How to Support a Growing Kubernetes Cluster With a Small Etcd | Datadog

How to support a growing Kubernetes cluster with a small etcd

Author David M. Lentz

Published: 12月 20, 2024

Etcd plays a critical role in your Kubernetes setup: it stores the ever-changing state of your cluster and its objects, and the API server uses this data to manage cluster resources. As your applications thrive and your Kubernetes clusters see more traffic, etcd handles an increasing amount of data. But etcd’s storage space is limited: the recommended maximum is 8 GiB, and a large and dynamic cluster can easily generate enough data to reach that limit. If your etcd data store exceeds its configured storage limit, it can’t accept any new data, and your Kubernetes cluster will become inoperable.

This post explores some best practices that can help you avoid outgrowing your etcd storage, even while your Kubernetes cluster becomes larger and busier. We’ll show you how you can:

But first, we’ll explore the key data storage and cluster architecture features that shape how you manage etcd to support a growing Kubernetes cluster.

Key features of etcd storage and architecture

Etcd holds the data that describes the objects in a Kubernetes cluster—such as pods, endpoints, ConfigMaps, and events—and uses multi-version concurrency control (MVCC) to maintain a history of those objects. Kubernetes controllers use this history to detect changes in the state of the cluster and update objects as necessary to align the cluster’s actual state with its desired state. For example, the ReplicaSet controller receives a notification whenever the API server detects a change in etcd data indicating that a pod has been evicted, and the controller then creates a new replica to restore the cluster to its desired state.

To maintain this history, etcd creates a new version of an object’s data whenever the object is updated, generating additional data instead of overwriting the object’s existing data. This means that every revision of every object occupies space in etcd and that every update increases the amount of data etcd needs to store.

To prevent its data store from expanding perpetually, etcd frees up space by periodically compacting old version data. But if the Kubernetes cluster experiences unexpected activity or rapid growth, etcd could run out of space, putting Kubernetes into an unpredictable state.

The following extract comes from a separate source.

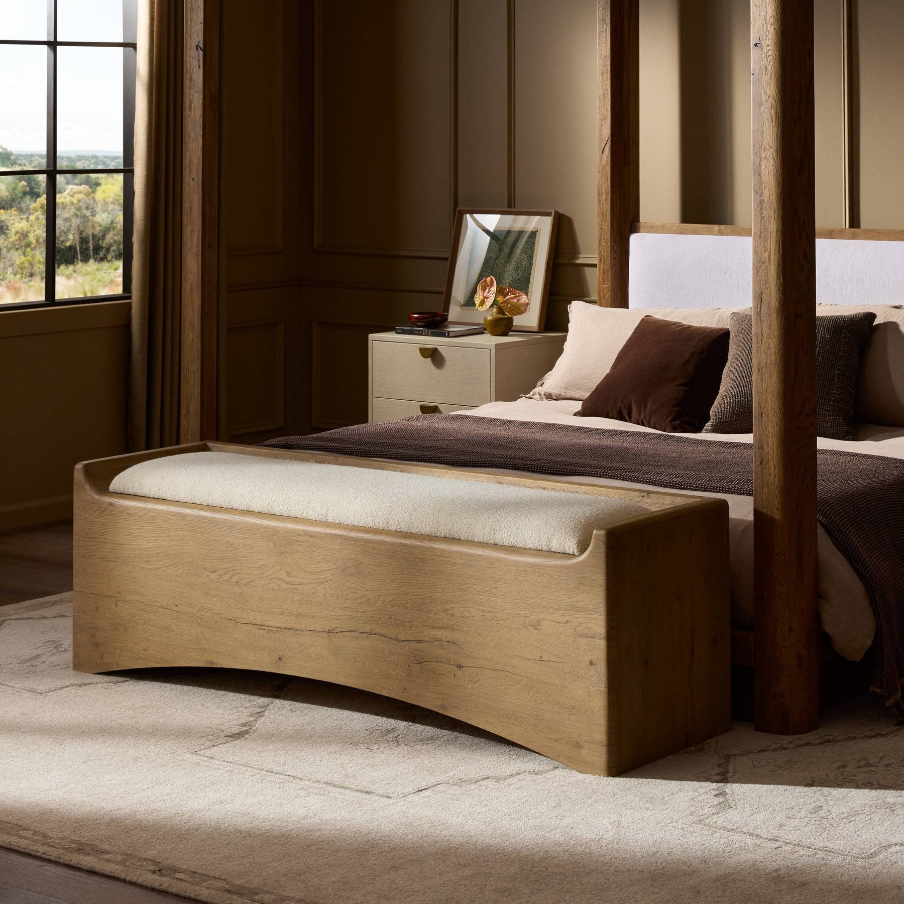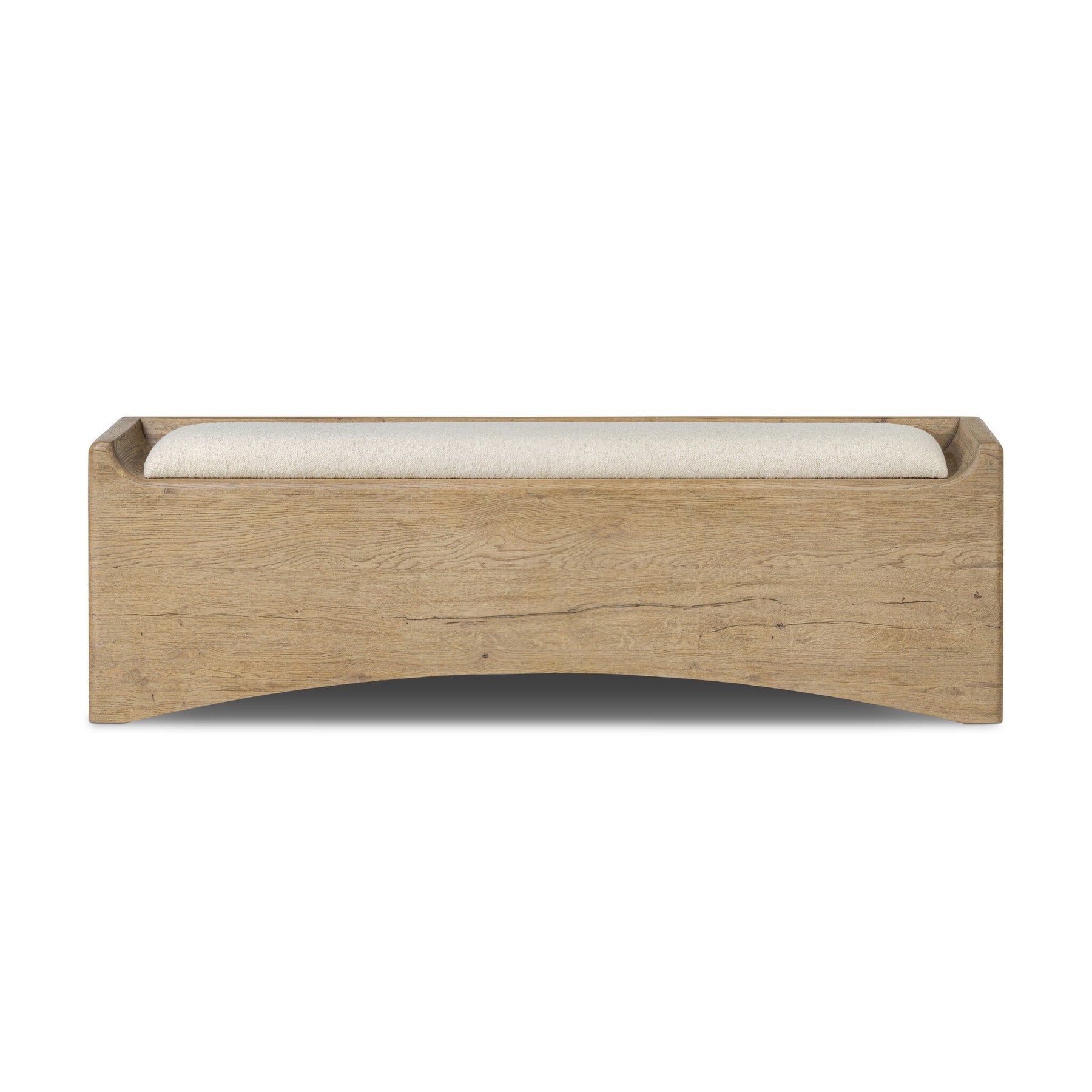 Create extra storage space wherever it's needed. This oak storage bench doubles as seating with its removable cushion upholstered in a neutral performance fabric. A scooped base lightens the look. Performance fabrics are specially created to withstand spills, stains, high traffic and wear, ensuring long-term comfort and unmatched durability.

Etcd operates in a highly available (HA) cluster and uses the Raft protocol to ensure data consistency among its members even in the presence of node failures. Raft designates a single node as the leader, which processes data updates (such as a write request from the API server to add a Kubernetes object) and then replicates those changes to all of the follower nodes. Both the leader and the followers (other nodes in the cluster) can process read requests. The cluster may also contain learners—nodes that have recently joined the cluster, which become followers only after they have received all of the data necessary to participate in the cluster.

With multiple nodes (leaders and followers) able to respond to requests from kube-apiserver, it may seem like adding more nodes would improve performance. However, this strategy does not offer a performance advantage for etcd the way scaling out the Kubernetes control plane does, because in larger etcd clusters, every write operation requires more Raft activity. The resultant overhead of maintaining consistency across a larger number of nodes can cause a bottleneck that potentially degrades performance instead of improving it. Kubernetes advises against autoscaling etcd, and for optimal performance, etcd recommends maintaining a five-node cluster.

For a deeper look at how etcd works, see our etcd monitoring guide.

If you can’t store more than 8 GiB, how do you manage etcd to support a large and growing Kubernetes cluster? And if you can’t scale out an etcd cluster, how do you safeguard performance as Kubernetes activity increases? In the following sections, we’ll look at how you can configure and use etcd in ways that can help ensure its performance even as your Kubernetes cluster grows.

Ensure sufficient resources for your etcd cluster

Although increasing the number of etcd nodes won’t improve your cluster’s performance, you can provision more resources for each node to ensure that it performs reliably while it supports increasing Kubernetes activity. In this section, we’ll look at how you can ensure etcd performance by carefully provisioning and configuring your nodes’ disk, network, and memory resources.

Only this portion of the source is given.